When I was given my diagnosis I wasn’t sure what I was feeling. This was not just because I struggle with my emotions but because they were so many of them.
On the one hand, I was relieved that I hadn’t “failed my autism assessment”. Which also gave me answers to the question: Why am I the way that I am? It also helped me to contextualise the many perceived failures in my life. I could also now explain why I found it so hard to make and keep friends. The main emotion I think I felt was grief.
From what I have been reading this is incredibly common in late diagnosed adults. Why is this?
I think it comes from three main areas that, cumulatively, cause this sense of grief.
Firstly, you are grieving the person you feel you “should have” been. The life that you could have had if you either had the diagnosis sooner or if you had not been autistic at all. Personally, I look back to times in jobs and I think that if I had known then x, y and z could have been different. Would that have made a difference in my life? It is impossible to say but the fact that it “could” is enough for you to grieve that life. I look at how my neurotypical family and friends are thriving, or appear to be thriving, and I think, that could have been me.
Secondly, you think back to childhood and how you always felt odd and on the periphery of social groups. This may not have been the actual reality, but it was perceived at the time. The child that I was, often lonely and full of self-doubt and self
-recrimination, could have been supported. Who knows how I would have done socially, academically, romantically, professionally if I have known. Not only that I could have, potentially, saved myself lots of unnecessary misery. You grieve for the child and the adult that you could have been.

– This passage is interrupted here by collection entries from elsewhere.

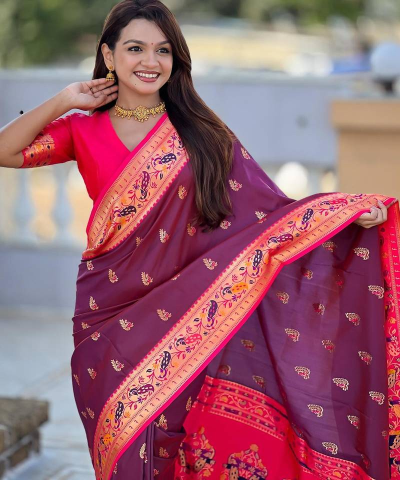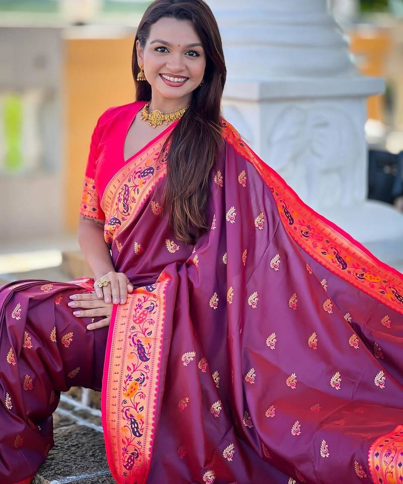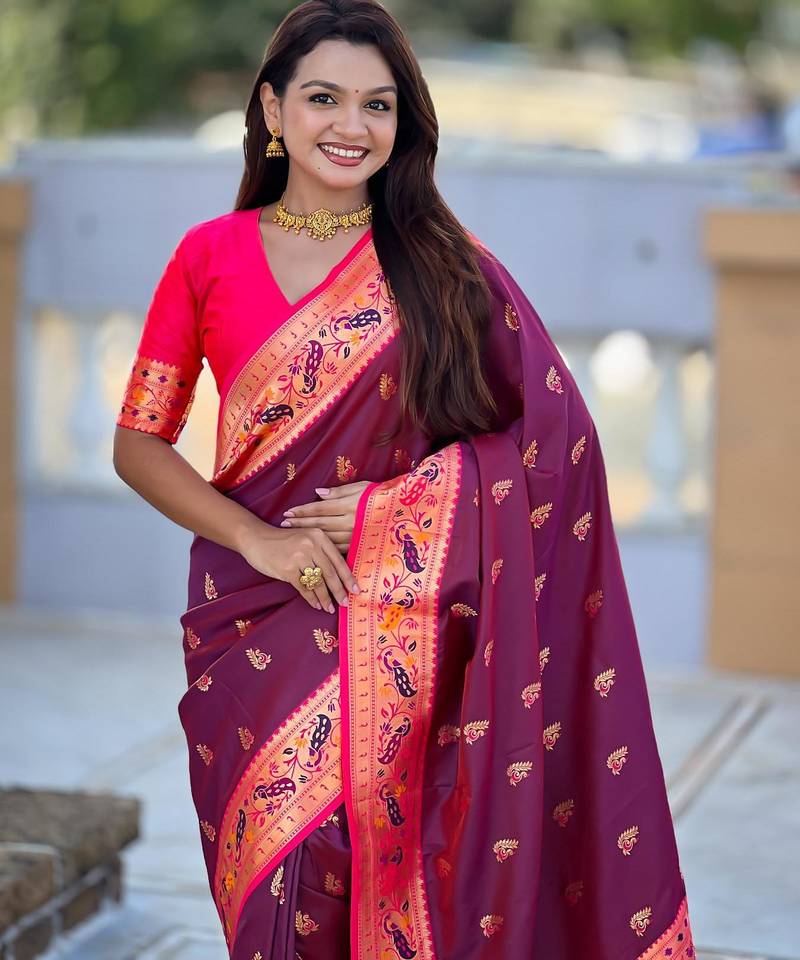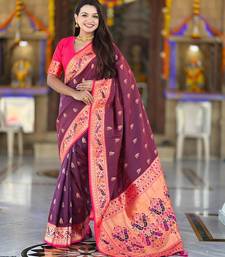 Wine elegant art silk woven saree with rich zari border
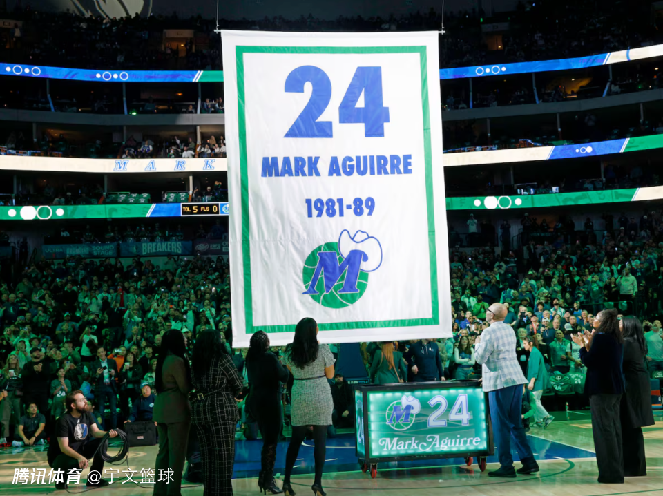 独行侠在主场与黄蜂比赛中场休息间隙,退役了球队前朝元老马克-阿奎尔的24号球衣。
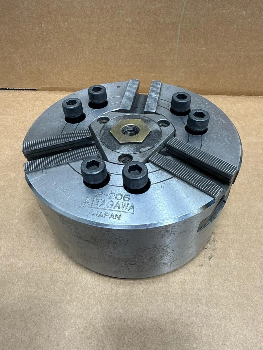KITAGAWA B-206 6" 3-Jaw CNC Hydraulic Power Lathe Chuck, A2-5 KITAGAWA B-206 6" 3-Jaw CNC Hydraulic Power Lathe Chuck, A2-5 Click images to enlarge Description INV 8164 Fresh from a closed clean CNC job shop. Machines were sold with collet chucks so the chucks were available and are now for sale. KITAGAWA B-206 CNC Power Lathe Chuck F Max: 22 kN ES Max: 57 kN N. Max 6000/min Mass: 13.7 kg Chuck Diameter: 6.654" (169mm) Chuck Thickness: 3" Number of Jaws: 3 Mount: A2-5 Thru Hole: 1.772" Jaw Stroke (Diameter): 0.217" Plunger Stroke: 0.472" Maximum Draw Bar Pull Force: 4,846 lbs. Maximum Gripping Force: 12,555 lbs. Maximum Speed: 6,000 RPM s/n: 1H8559 H2 Rotomat Returns All refund requests must be initiated within 30 Days of Date of Receipt. Transactions outside of 30 Days are not eligible for refunds. We offer refunds for items which are Not as Described or Non Functional. Items must be received back for inspection prior to refund. Buyer is responsible for shipping both ways if the return is for a reason other than not as described or nonfunctional. Items sold as "New" or "New (Other)" or with a factory sealed box must be received back in original condition including all packaging with intact factory seals to qualify for a refund. Removing an item from manufacturer's packaging, or tampering with Factory Seals disqualifies the item from a refund. Shipping For most items under 120 pounds we offer FedEx shipping. Small items will often be sent USPS. We are happy to combine items when purchased on the same day. The final shipping costs will depend on the combined weight & dimension. We can generally ship overnight or expedited with FedEx or UPS. Our daily cutoff for overnight shipping is 1:00 CST. If an item is to be shipped via freight please contact us for a shipping quote. You can also arrange your own freight. Depending on the item we will charge $50-$150 to palletize and shrink wrap your item for shipping. Crating is an additional charge. Buyer responsible for sending us a BOL prior to loading if they are arranging shipping. International buyers are responsible for all import duties, taxes and charges. If an international package is returned the buyer is responsible for paying shipping a second time. Thanks for Looking! I have a regular business selling used equipment. This item is also for sale outside of eBay therefore my listing will often end without notice. If you're interested please bid or make an offer promptly to avoid losing out. Buy with confidence. There is a 14 day return privilege if the item arrives not as described or non-functional unless otherwise stated in the description. Buyer must notify us within 14 days of items arrival. This is not a satisfaction guarantee, I will only honor a return if we miss-listed the items or it does not function properly. I try to take REALLY good photos so you know what you are bidding on. We want you to feel comfortable buying from us. If you have any questions please let us know. Get images thatmake Supersized seem small.Showcase your items with Auctiva'sListing Templates!THE simple solution for eBay sellers.

Finally, you can lose the sense of who you are. Before my diagnosis I would never have considered myself as person with additional needs or with a disability. The image of a disabled person or an autistic person did not match what I saw in the mirror. Yet, I have had to learn to accept that I do have additional needs and disabilities. This change in the sense of who you are shakes your very core. You grow up with one idea about yourself, on a fundamental level, and you are told that you are something different. Yes, it doesn’t change the fact that I try to be kind and openminded. That I try my best to be loving and all of that. But it does add a label. An albatross of a disability around your neck. Your sense of self changes and you mourn the person you thought you was. With acceptance of the condition then this alters but for some it can take a long time. It is a constant process and one which I am no way near completing. If I ever will complete it.
It is perfectly normal to feel grief after a late diagnosis of autism. It is a fundamental change to how you perceive yourself. With time, however, you can learn to accept this, to adapt your world to it and then advocate for others. While you are autistic it is not all you are. You can be amazing, loving, funny and interesting while being autistic. You can adapt your world to follow your autistic passions and you can ask for the help, back by law and a medical diagnosis, so that you can achieve in the different areas of your life.